Chaque samedi, l’actualité lotoise vue par Philippe Mellet et surtout par ses chats.

C’était mercredi. A peine 9 heures. Coup de sonnette. Je suis encore sous la douche. Je me précipite après avoir enfilé un peignoir. Trop tard. Je descends l’escalier en pierre que j’entends déjà la voiture redémarrer. Zut. Mais qui était- ce ? Le facteur ? D’ordinaire, il passe entre 11 heures et midi. Un VRP espérant me démontrer en ces temps particuliers les vertus de je ne sais quel robot- mixeur-cuiseur capable aussi de réaliser son propre pain bien croustillant (vu le nombre de photos que j’ai vu passer sur Facebook c’était devenu très tendance durant le confinement…) ? Et à voix haute, je m’étonne encore : « Quand même pas un livreur ? De toute façon, je n’ai rien commandé ! » Et là, une petite voix me répond sur un ton presque amusé. « Toi non, mais moi oui… » C’était Sibelle.

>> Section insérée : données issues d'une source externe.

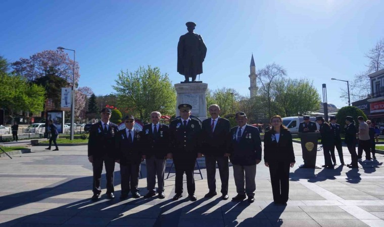 Türk Polis Teşkilatının 179. kuruluş yıl dönümü dolayısıyla Atatürk Anıtı önünde tören düzenlendi. Edirne Emniyet Müdürü Onur Karaburun ve Türkiye Polis Emeklileri Sosyal Yardım Derneği Edirne Şube Başkanı Ali Bilgin anıta çelenk sundu.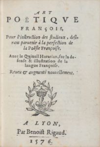 Édition rare et très augmentée, accompagnée du Quintil Horatian écrit par Barthélemy Aneau en réponse à la Deffence & illustration de la langue française de Joachim du Bellay.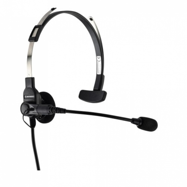 Flexible boom microphone with in-line Push-to-Talk switch. Comfortable and stays outside the ear.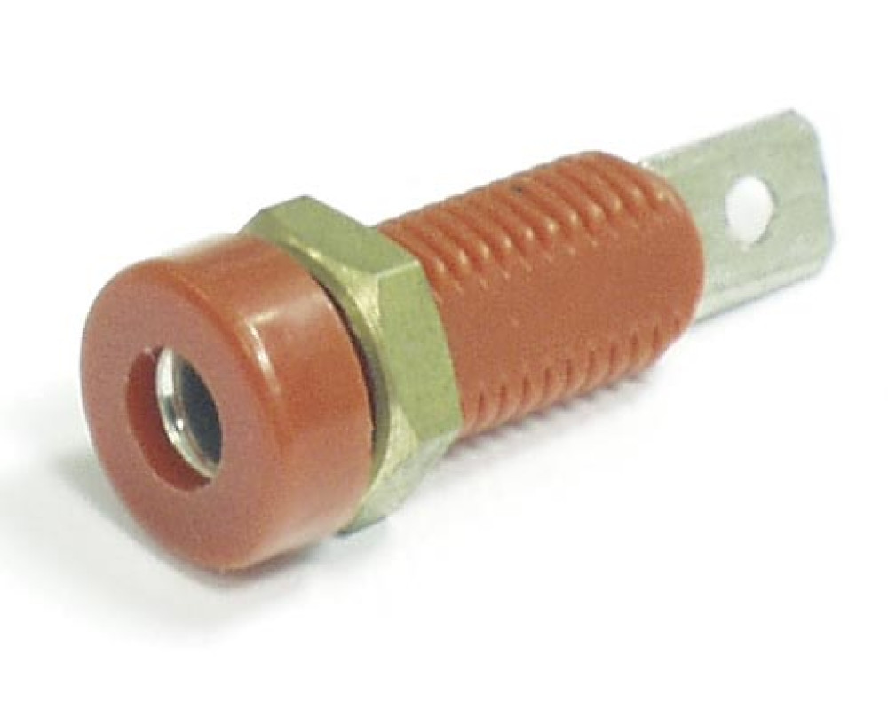 Гнездо (розетка) с внутренним диаметром 4 мм, с ножевым соединением с контактным отверстием диаметром 2 мм. Гаечное крепление с шайбой, общая длина 28 мм. Цвет красный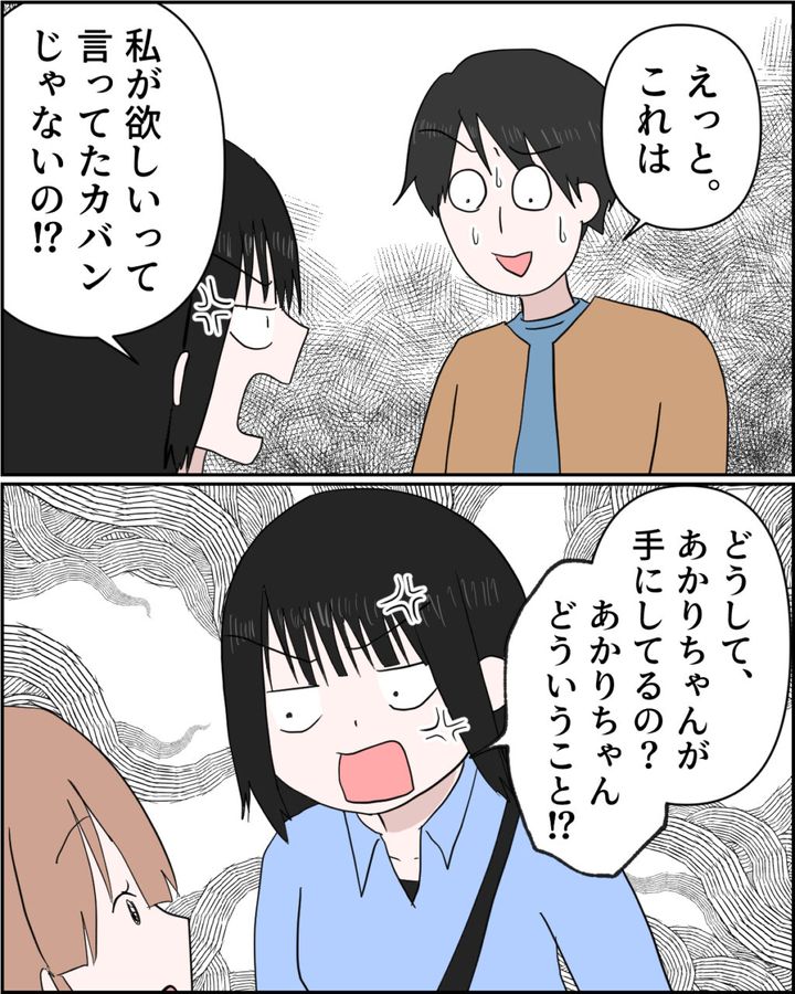 「えっと。これは・・」と口籠る謙介に、「私が欲しいって言ってたカバンじゃないの!?どうしてあかりちゃんが手にしてるの?」と詰め寄り、「あかりちゃん、どういうこと!?」とあかりちゃんにも怒りを向ける舞花ちゃん。

Ma chère protégée féline était déjà affairée à préparer son marathon. Un agent du Conseil départemental venait de lui déposer un sac en papier aux couleurs du Lot contenant le nécessaire, c’est-à-dire d’abord du tissu, pour confectionner une cinquantaine de masques. Sans rien me dire, ma tigresse domestique s’était inscrite quelques jours plus tôt via Internet comme volontaire bénévole pour participer à l’opération destinée à doter chaque habitant du 46 de deux masques (selon l’objectif affiché) afin de continuer à faire front face au coronavirus une fois le déconfinement amorcé… Sibelle est ensuite allée s’installer dans la chambre du bas, a sorti la machine à coudre et a commencé son labeur, avec patience et précision, des qualités naturelles chez les chats. Je me suis senti tout penaud. Culpabilisant, même. Mais que voulez-vous : je ne sais pas coudre.

Reste que, dans notre Quercy comme ailleurs, les initiatives solidaires qui se sont multipliées ces dernières semaines (fabrication de masques ou de visières, distribution de colis, concerts ou spectacles improvisés en bas d’un immeuble pour distraire des dizaines ou centaines de familles enfermées dans des logements exigus, petits ou grands services rendus à des voisins ou à des inconnus, en ville ou dans nos villages) ont été un écho, une résonance à la mesure de l’engagement héroïque des soignants et de tous ceux qui ont permis vaille que vaille que le pays ne sombre pas. Là-dessus, nous voilà donc à la veille, ou plutôt l’avant-veille du Jour J. Le déconfinement est pour lundi. Certains évoquent une libération. Je comprends certes l’impatience des familles qui auront dû respecter cette assignation à résidence dans des appartements et non, comme moi, dans une maison avec jardin. Mais le mot même de « libération » me gêne.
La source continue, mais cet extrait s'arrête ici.